Titre

Détresses respiratoires postopératoires

Modalités thérapeutiques en dehors de la ventilation mécanique invasive

Auteur

Pr. B. DUREUIL

Département d'Anesthésie-Réanimation
Hôpital Charles Nicolle 1, rue de Germont 76031 ROUEN Cedex

Email : Bertrand.Dureuil@chu-rouen.fr

Les modalités thérapeutiques de prise en charge d’une détresse respiratoire postopératoire dépendent des mécanismes physiopathologiques responsables de cet état. L’objectif de cette revue sera d’analyser les différents moyens qui peuvent être mis en œuvre en se fondant, dans la mesure du possible, sur des données documentées scientifiquement.

 

            Nous considérerons que cette détresse respiratoire survient suffisamment à distance de l’anesthésie pour que les effets résiduels des agents utilisés n’interviennent pas directement. Par ailleurs, les problèmes spécifiques de l’embolie pulmonaire postopératoire ne seront pas développés.

 

            De manière schématique la détresse respiratoire peut s’inscrire dans deux tableaux cliniques que nous présenterons de manière indépendante bien qu’ils soient en pratique fréquemment associés.

 

1. Détresse respiratoire se développant dans un contexte d’encombrement broncho-pulmonaire :

L’encombrement pulmonaire apparaît progressivement dans les jours qui suivent la chirurgie.

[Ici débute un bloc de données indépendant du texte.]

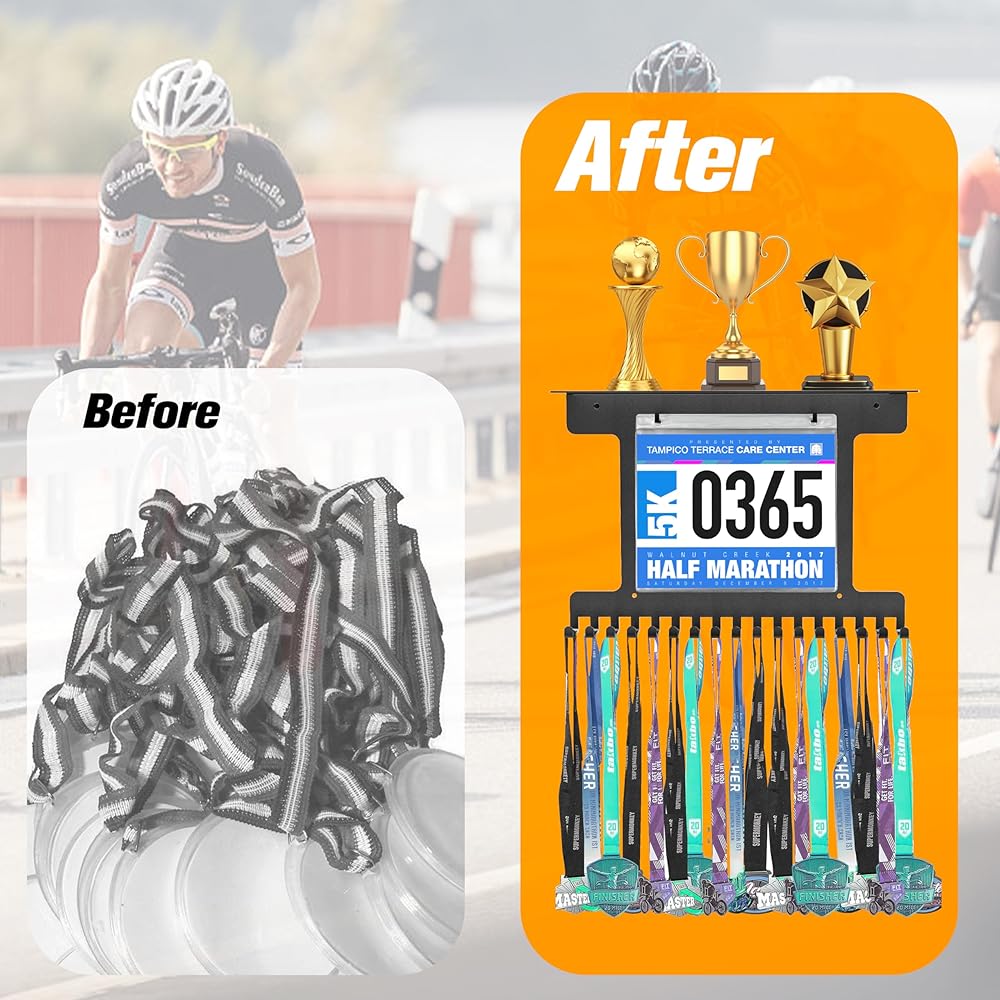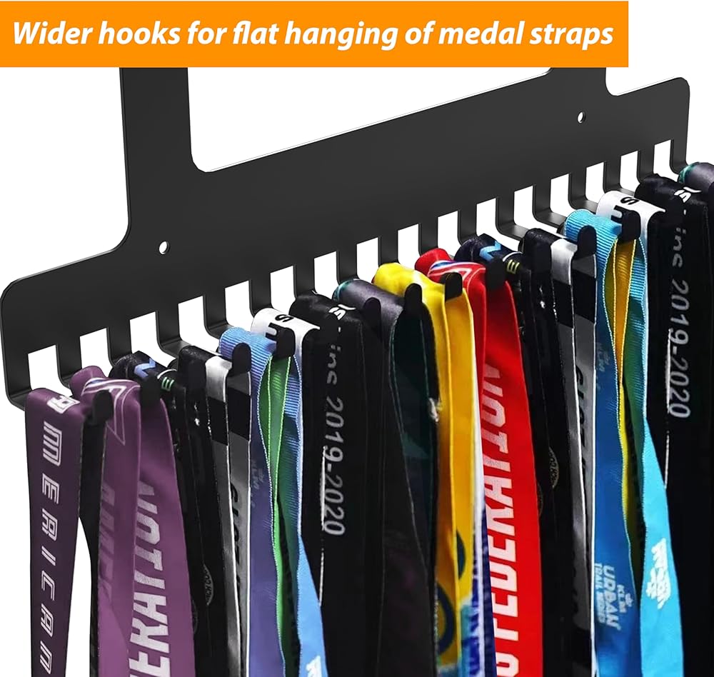 🏆【تأثير عرض إضافي】: يمكن لرف عرض شماعة الميداليات أن يوفر طريقة منظمة وأنيقة لعرض الميداليات، مما يجعل رؤيتها وتقديرها أسهل. يمكن أن يساعد في حماية الميداليات من التلف أو الفقدان، ويسهل العثور عليها وعرضها.

Il est favorisé par le type de chirurgie (chirurgie abdominale haute ou thoracique), la présence de troubles de la vigilance, l’administration d’agents analgésiques qui diminuent le réflexe de toux (morphiniques) mais également le terrain et tout premier lieu une bronchite chronique. L’encombrement bronchique peut-être le signe d’une poussée de bronchite aiguë entraînant la décompensation pulmonaire et la fatigue des muscles de la pompe ventilatoire.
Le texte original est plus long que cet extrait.